What is needed is an exact copy of the lines in the entries below from the one holding "פילה לברק צרוב" through the one holding "Add some artistry", pictures excluded.

#### Dataset excerpts ####

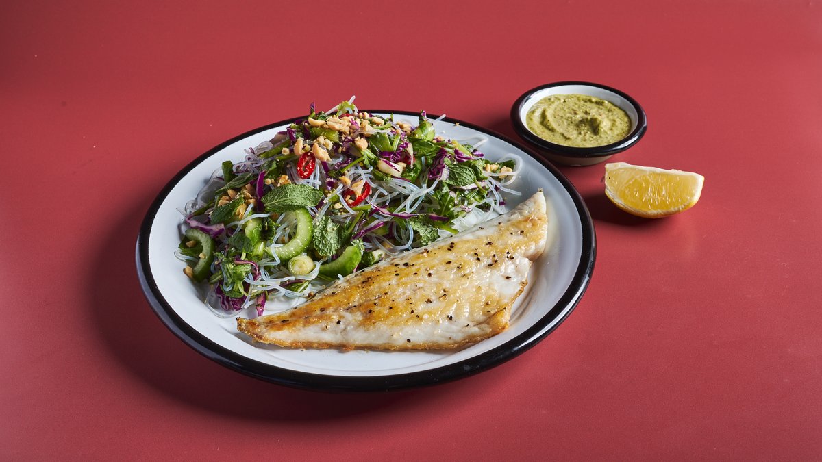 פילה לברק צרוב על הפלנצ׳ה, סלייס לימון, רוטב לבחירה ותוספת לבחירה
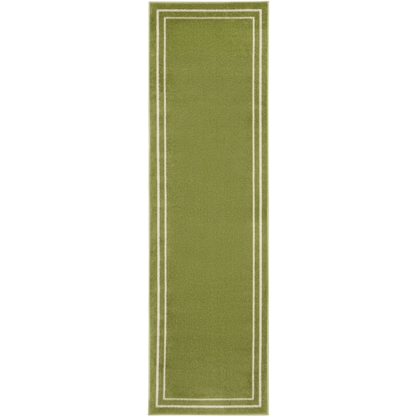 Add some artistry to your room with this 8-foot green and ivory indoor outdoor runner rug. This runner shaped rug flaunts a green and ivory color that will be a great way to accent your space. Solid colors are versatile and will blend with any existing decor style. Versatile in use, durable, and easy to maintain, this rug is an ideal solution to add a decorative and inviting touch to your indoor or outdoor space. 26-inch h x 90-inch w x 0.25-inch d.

####
#### Dataset excerpts ####

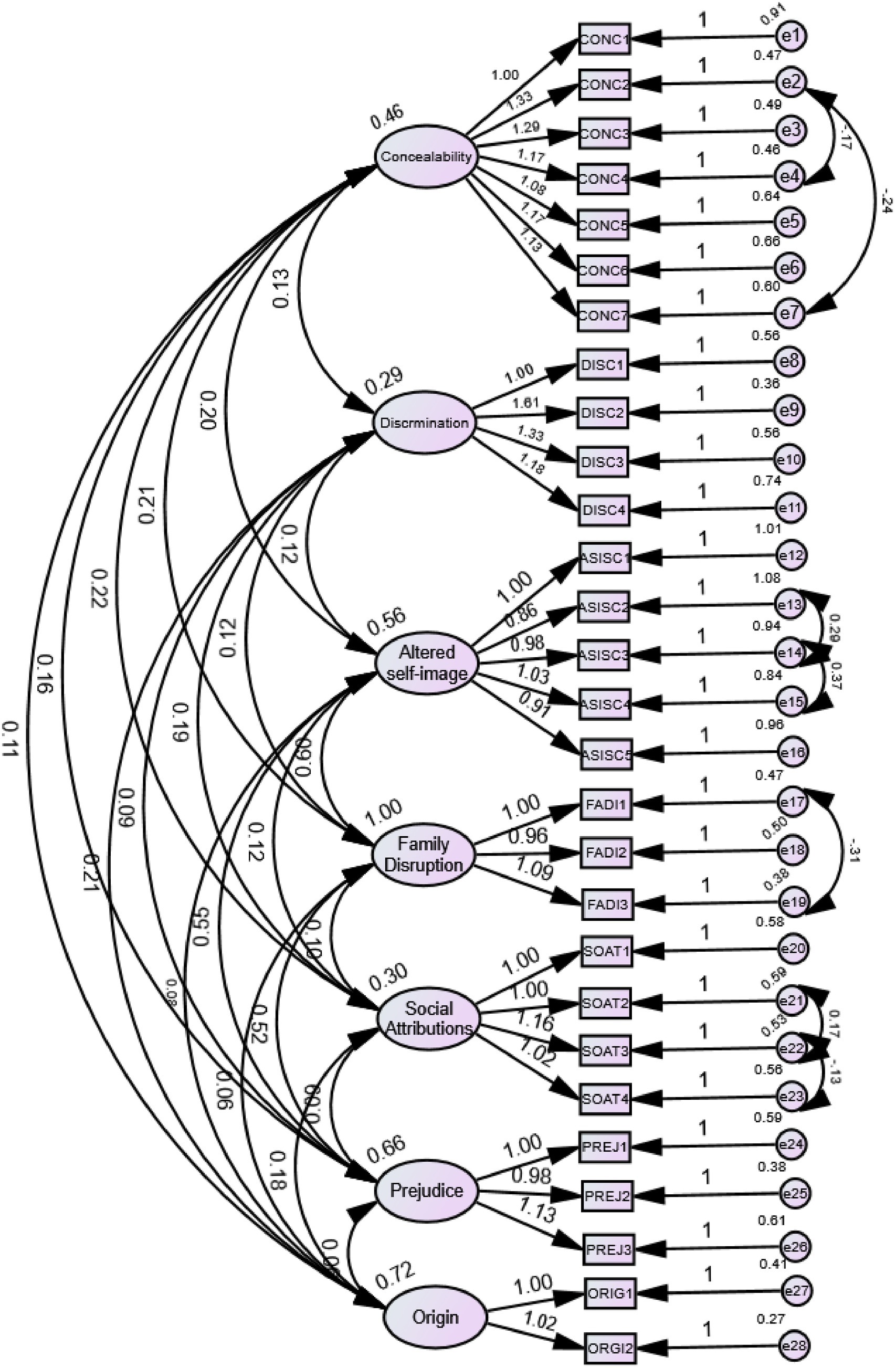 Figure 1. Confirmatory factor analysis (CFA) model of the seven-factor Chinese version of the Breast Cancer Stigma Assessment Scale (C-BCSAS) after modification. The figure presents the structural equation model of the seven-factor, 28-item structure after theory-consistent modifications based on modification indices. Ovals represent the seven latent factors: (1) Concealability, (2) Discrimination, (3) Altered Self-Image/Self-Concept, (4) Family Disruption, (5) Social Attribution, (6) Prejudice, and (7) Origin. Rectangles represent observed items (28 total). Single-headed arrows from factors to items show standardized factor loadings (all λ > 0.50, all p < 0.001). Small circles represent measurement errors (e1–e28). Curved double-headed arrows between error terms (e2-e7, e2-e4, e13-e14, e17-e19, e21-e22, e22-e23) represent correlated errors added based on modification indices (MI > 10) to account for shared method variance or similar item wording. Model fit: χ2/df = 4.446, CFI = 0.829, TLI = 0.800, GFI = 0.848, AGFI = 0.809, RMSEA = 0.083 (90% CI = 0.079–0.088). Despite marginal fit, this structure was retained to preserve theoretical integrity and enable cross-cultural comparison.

####

■ Response below:
 פילה לברק צרוב על הפלנצ׳ה, סלייס לימון, רוטב לבחירה ותוספת לבחירה
 Add some artistry to your room with this 8-foot green and ivory indoor outdoor runner rug. This runner shaped rug flaunts a green and ivory color that will be a great way to accent your space. Solid colors are versatile and will blend with any existing decor style. Versatile in use, durable, and easy to maintain, this rug is an ideal solution to add a decorative and inviting touch to your indoor or outdoor space. 26-inch h x 90-inch w x 0.25-inch d.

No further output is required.